Exercise:
Repeat, exactly as written, the lines from the one with "Angle Simple Double" to the final line of the listing, and keep every picture out.
:::
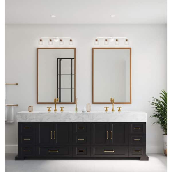 Quillan 33.62 in. 4-Light Soft Gold Vanity Light with Clear Glass Shade
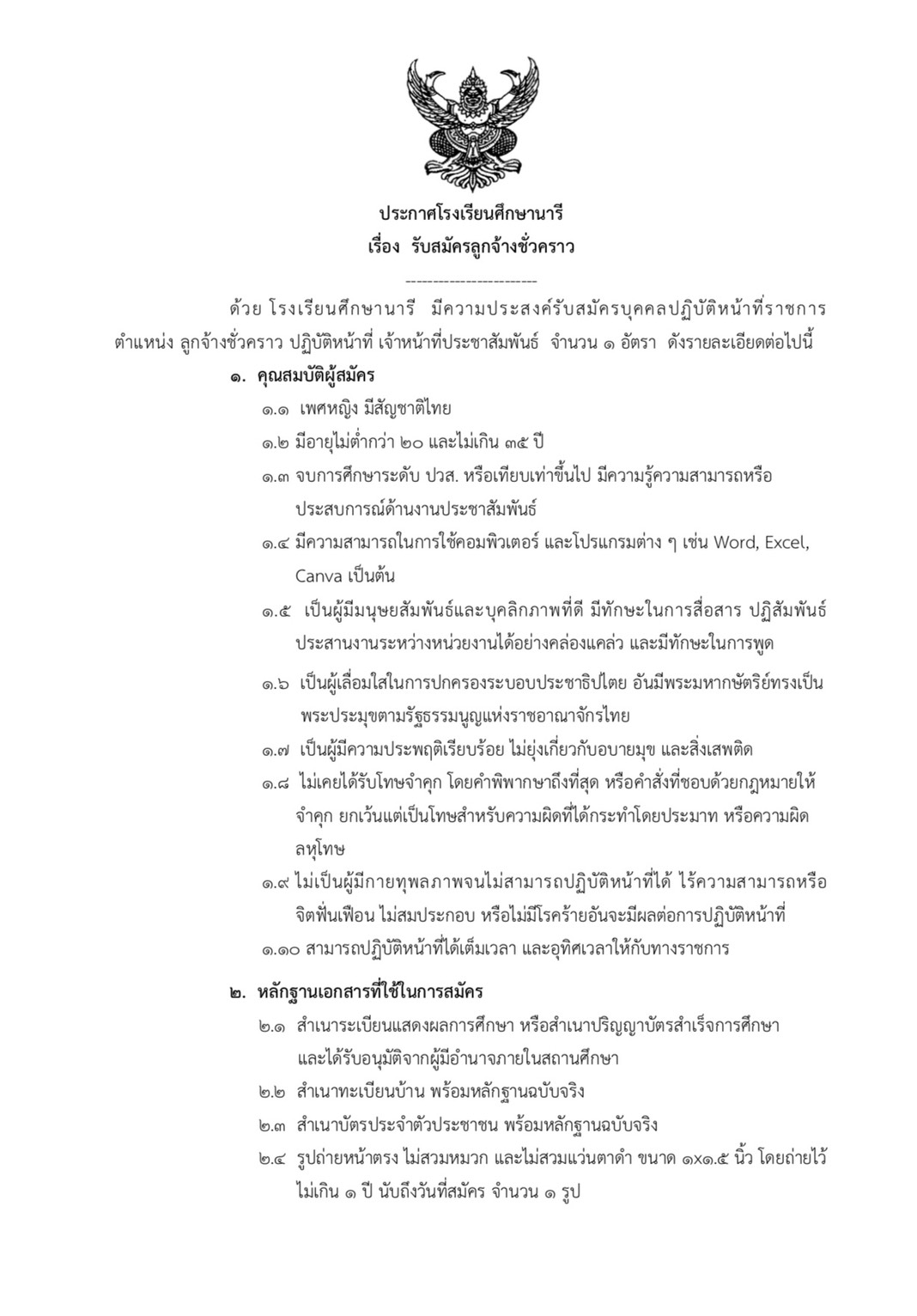 ตำแหน่ง ลูกจ้างชั่วคราว ปฏิบัติหน้าที่ เจ้าหน้าที่ประชาสัมพันธ์
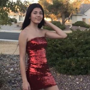 Red sequence strapless fashion nova dress
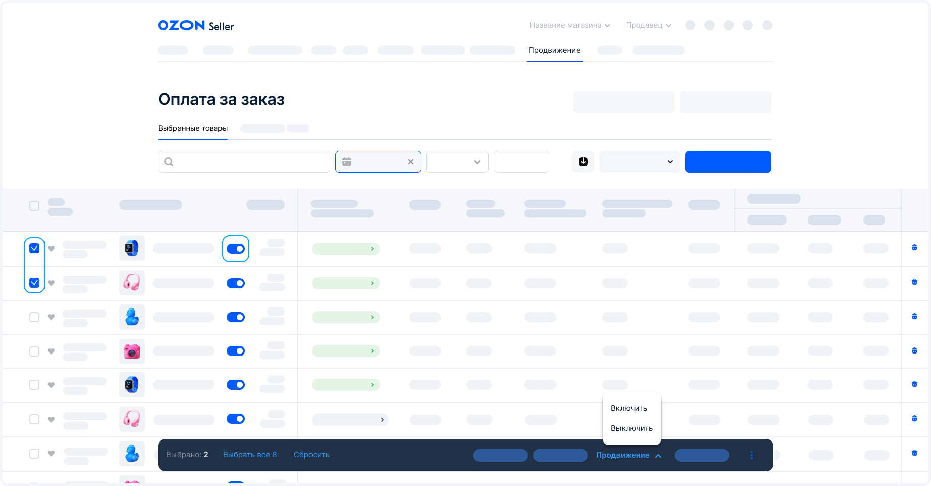 1. Откройте раздел «Продвижение» → «Оплата за заказ» → «Выбранные товары».
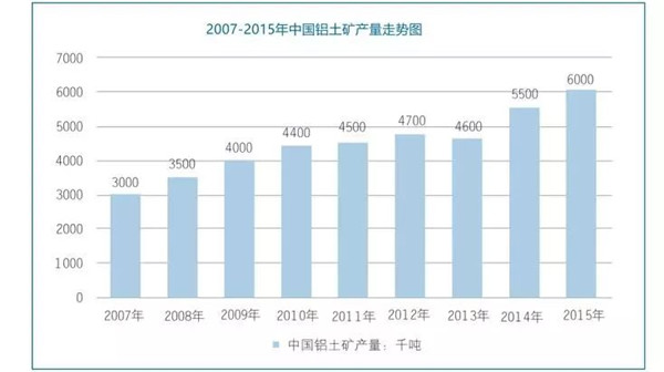 2015年中國鋁土礦產(chǎn)量為6000萬噸,占同期全球總產(chǎn)量的21.9%。按照同期中國鋁土礦資源儲量,中國鋁土礦靜態(tài)可采年限僅為14年,遠低于全球120年的平均水平,加強資源的合理開發(fā)利用是我國鋁土礦產(chǎn)業(yè)乃至整個鋁業(yè)所面臨的重要問題。
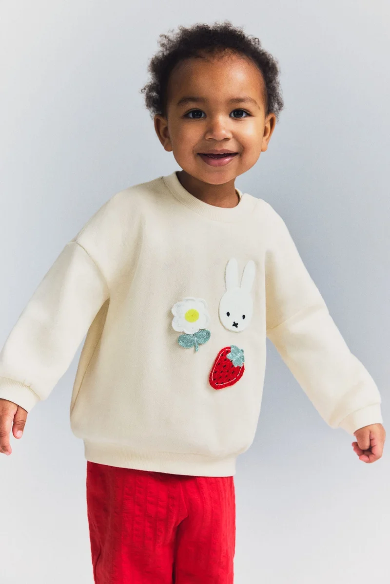 Top in soft, lightweight sweatshirt fabric with appliqué patches on the front. Round, rib-trimmed neckline with press-studs on one side (except in sizes 2–4Y), low dropped shoulders and ribbing at the cuffs and hem.
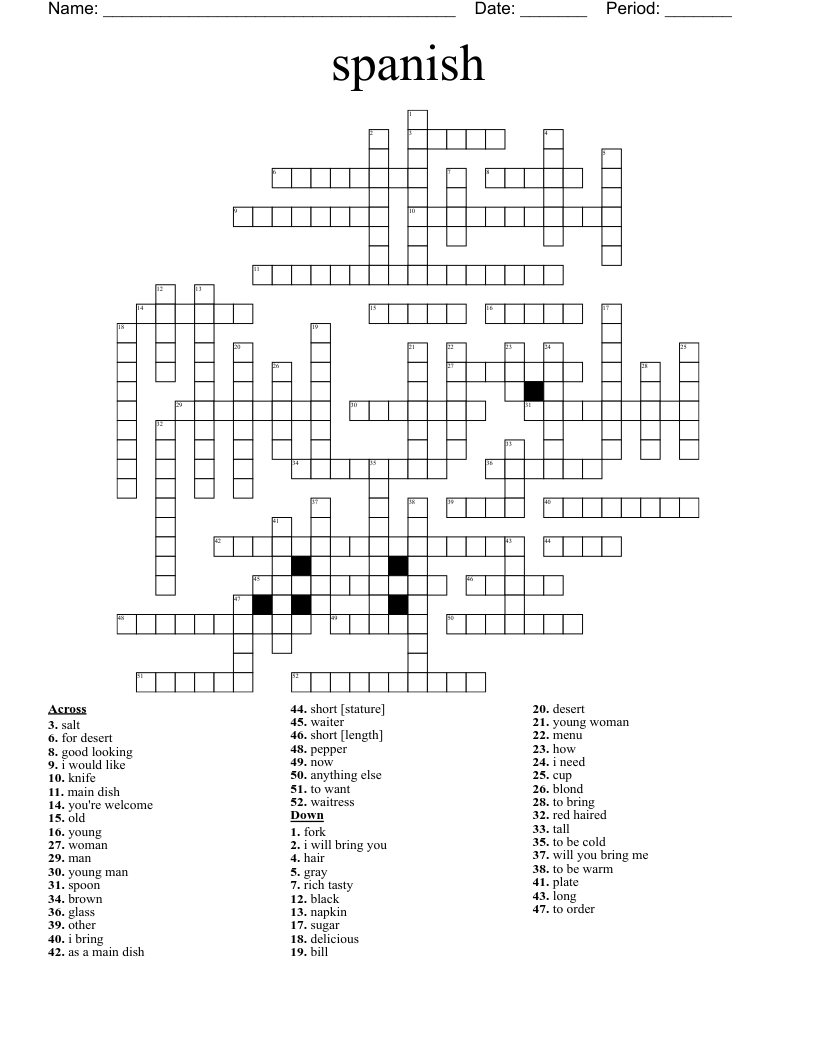 Spanish Crossword Puzzle WordMint
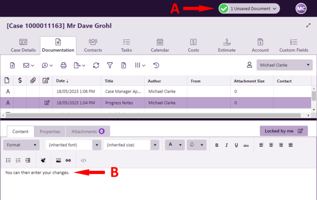 2. This will automatically acquire a file lock and load the document for editing (A):
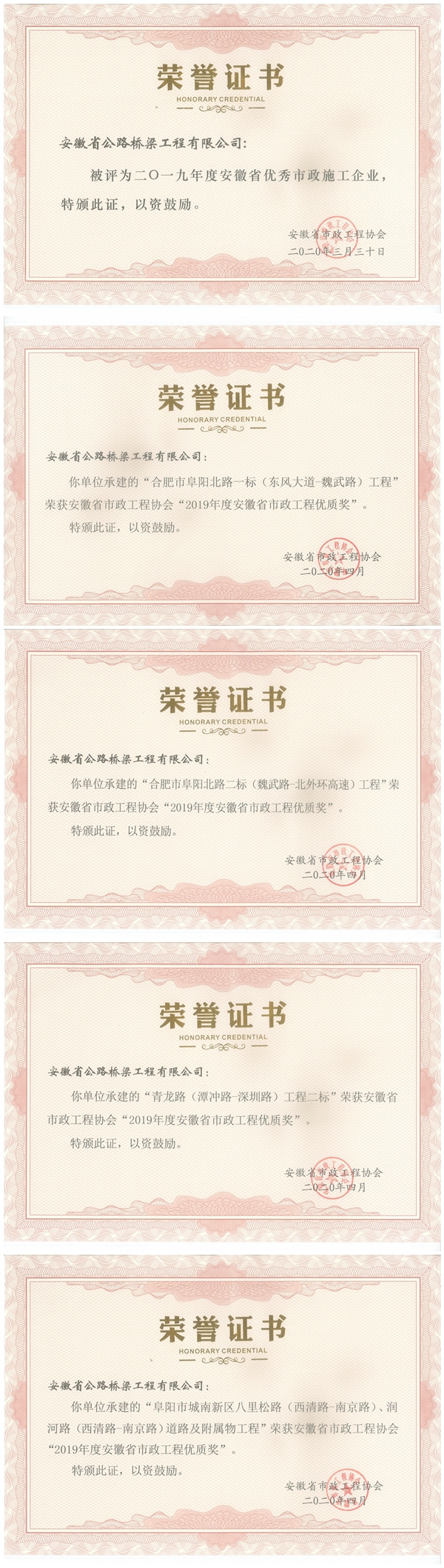 近日,安徽省市政工程協(xié)會發(fā)布2019年度安徽省優(yōu)質(zhì)工程獎評選結果和2019年度安徽省優(yōu)秀市政施工企業(yè)。阜陽北路高架北延一標、二標,阜陽八里松路項目、青龍路工程二標等項目被授予“2019年度安徽省市政工程優(yōu)質(zhì)獎”,公司再次榮獲“2019年度安徽省優(yōu)秀市政施工企業(yè)”稱號。
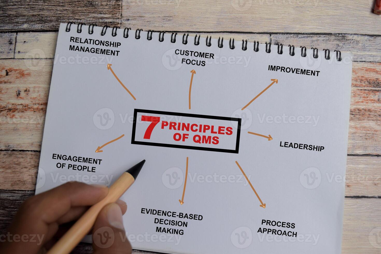 Concept of mind map 7 of principles of quality management system write on book with keywords isolated on Wooden Table. Pro Photo
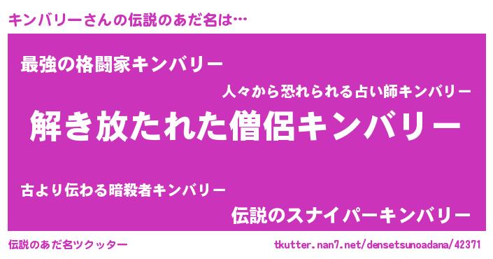 | 意味不明あだ名 | 『とにかく怪しいキンバリー』 |
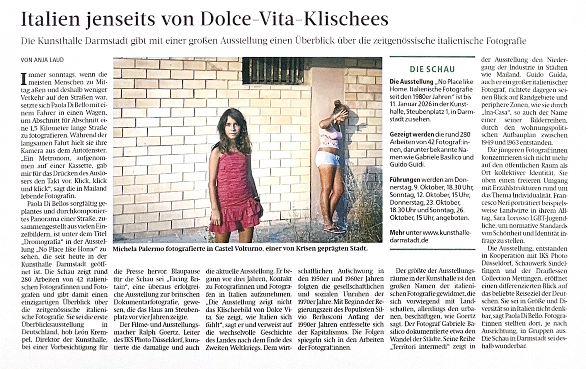 Vielen Dank an Anja Laud, die unsere Ausstellung NO PLACE LIKE HOME besucht hat und sie als einen "einzigartigen Überblick über die zetgenössische italienische Fotografie" hervorhebt. Sie schließt mit den Worten Paola di Bello's: "Die Schau in Darmstadt sei wunderbar".
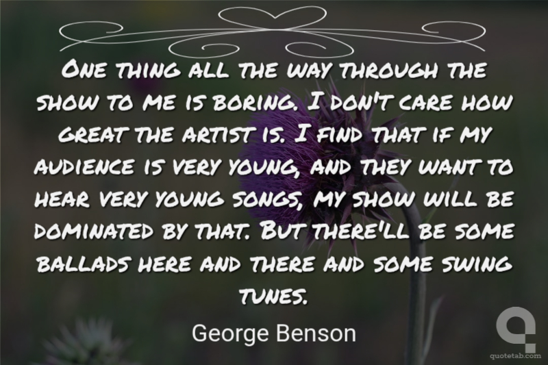 One thing all the way through the show to me is boring. I don't care how great the artist is. I find that if my audience is very young, and they want to hear very young songs, my show will be dominated by that. But there'll be some ballads here and there and some swing tunes.
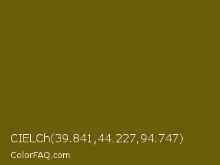 CIELCh 39.841,44.227,94.747 Color is a dark yellow color and the nearest color is Spicy Mustard #74640d. Hex code #6b5e0b and RGB value is rgb(107,94,11). In RGB color space, this color is composed of 42% red, 37% green, 4% blue, In CMYK color space, this color is composed of 0% cyan, 12% magenta, 90% yellow , 58% black , In HSL color space, this color has a hue angle of 52° , 81% saturation and 23% lightness.
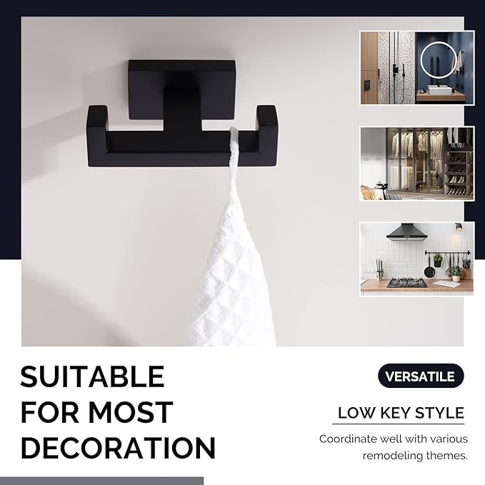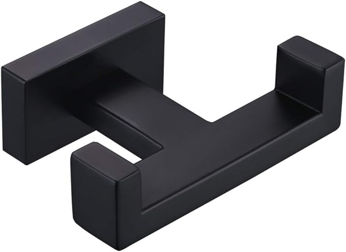 Angle Simple Double Towel Hook Matte Black, Stainless Steel Bathroom Towel Holder, Coat Robe Hook Wall Mount
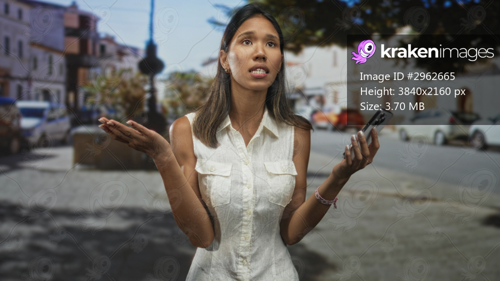 Thai woman holds smartphone in hand, gesturing with open palm on a street; frustration communication.
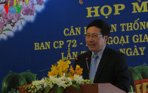 Phó Thủ tướng, Bộ trưởng Bộ Ngoại giao Phạm Bình Minh thông tin đến các cán bộ, viên chức hưu trí ngành ngoại giao về tình hình thế giới
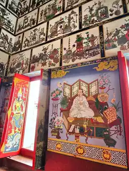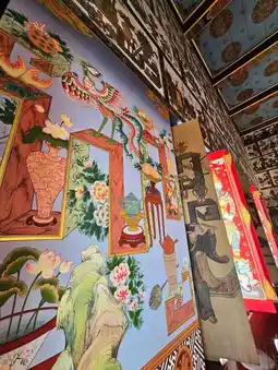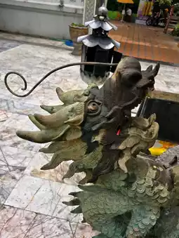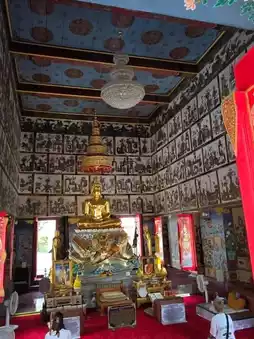 Wat Nak Prok, originally named Wat Pok, was so called because it was located in the middle of a garden covered with trees. It is believed to have been built during the late Ayutthaya period. The temple's ordination hall, known as Ubosot Chao Sua, houses Luang Pho Chao Sua, a bronze Buddha statue from the Sukhothai period in the Maravijaya posture. The statue is renowned for its exquisite facial features and proportions. The walls of the hall are adorned with Chinese-style murals, painted by Chinese artists, depicting auspicious items for Buddhist worship according to ancient Chinese beliefs.
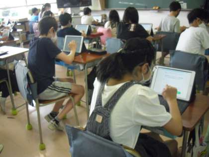 授業の様子(7月14日)その2 公開日 2021/07/14 更新日 2021/07/14 今日のできごと 6年生が、理科の時間に、1学期学んだことを復習しました。タブレットのキュビナを使って、問題を解きながら、学習内容を確認しました。
:::
Reply to the exercise:
 Angle Simple Double Towel Hook Matte Black, Stainless Steel Bathroom Towel Holder, Coat Robe Hook Wall Mount
 Thai woman holds smartphone in hand, gesturing with open palm on a street; frustration communication.
 Phó Thủ tướng, Bộ trưởng Bộ Ngoại giao Phạm Bình Minh thông tin đến các cán bộ, viên chức hưu trí ngành ngoại giao về tình hình thế giới
 Wat Nak Prok, originally named Wat Pok, was so called because it was located in the middle of a garden covered with trees. It is believed to have been built during the late Ayutthaya period. The temple's ordination hall, known as Ubosot Chao Sua, houses Luang Pho Chao Sua, a bronze Buddha statue from the Sukhothai period in the Maravijaya posture. The statue is renowned for its exquisite facial features and proportions. The walls of the hall are adorned with Chinese-style murals, painted by Chinese artists, depicting auspicious items for Buddhist worship according to ancient Chinese beliefs.
 授業の様子(7月14日)その2 公開日 2021/07/14 更新日 2021/07/14 今日のできごと 6年生が、理科の時間に、1学期学んだことを復習しました。タブレットのキュビナを使って、問題を解きながら、学習内容を確認しました。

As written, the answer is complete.